▸ Task brief
Write the data out again exactly, with no pictures.

Start of Material provided

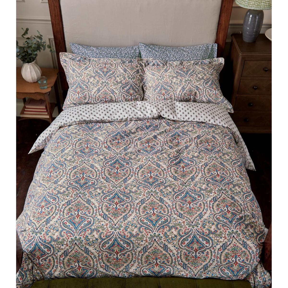 Brighten your bedroom with the Joules Paisley Duvet Cover Set in Multi, showcasing a colourful and intricate paisley pattern that adds an elegant touch to your space. Add an air of opulence and luxury into your home with the Paisley printed bedding set. The perfect set for this season, it features an ornate paisley print with a rich and cosy colour palette of reds, royal blues, greens and fresh cream that will elevate your bedroom. On the reverse is a smaller-scale floral foulard print which mirrors the same colours set against a cream background, giving you two prints to play with. It's cut from quality cotton percale and has a 180 thread count for a soft and comfortable slumber. Features: 180 thread count 100% cotton percale Double, King and Super King duvet includes a pair of pillowcases Care Instructions: Machine Washable Please note All screens vary in colour reproduction and whilst every effort has been made to display the colour as accurately as possible it is for guidance only.
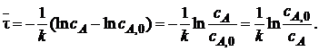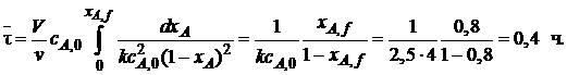 Пример 5.2. Определить среднее время пребывания реагентов в проточном реакторе идеального вытеснения для условий примера 5.1 (реакция второго порядка 2А
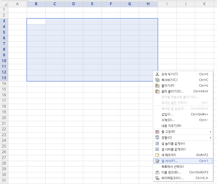B4에서 H4까지 선택후 셀서식을 선택합니다.
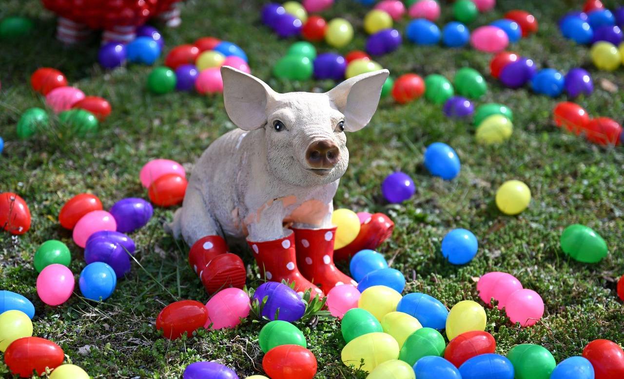 Auch zahlreiche Tiere wie etwa dieses Schwein oder auch eine Giraffe und zahlreiche Affen stehen zwischen den bunten Eiern.

End of Material provided

▸ Output below
 Brighten your bedroom with the Joules Paisley Duvet Cover Set in Multi, showcasing a colourful and intricate paisley pattern that adds an elegant touch to your space. Add an air of opulence and luxury into your home with the Paisley printed bedding set. The perfect set for this season, it features an ornate paisley print with a rich and cosy colour palette of reds, royal blues, greens and fresh cream that will elevate your bedroom. On the reverse is a smaller-scale floral foulard print which mirrors the same colours set against a cream background, giving you two prints to play with. It's cut from quality cotton percale and has a 180 thread count for a soft and comfortable slumber. Features: 180 thread count 100% cotton percale Double, King and Super King duvet includes a pair of pillowcases Care Instructions: Machine Washable Please note All screens vary in colour reproduction and whilst every effort has been made to display the colour as accurately as possible it is for guidance only.
 Пример 5.2. Определить среднее время пребывания реагентов в проточном реакторе идеального вытеснения для условий примера 5.1 (реакция второго порядка 2А
B4에서 H4까지 선택후 셀서식을 선택합니다.
 Auch zahlreiche Tiere wie etwa dieses Schwein oder auch eine Giraffe und zahlreiche Affen stehen zwischen den bunten Eiern.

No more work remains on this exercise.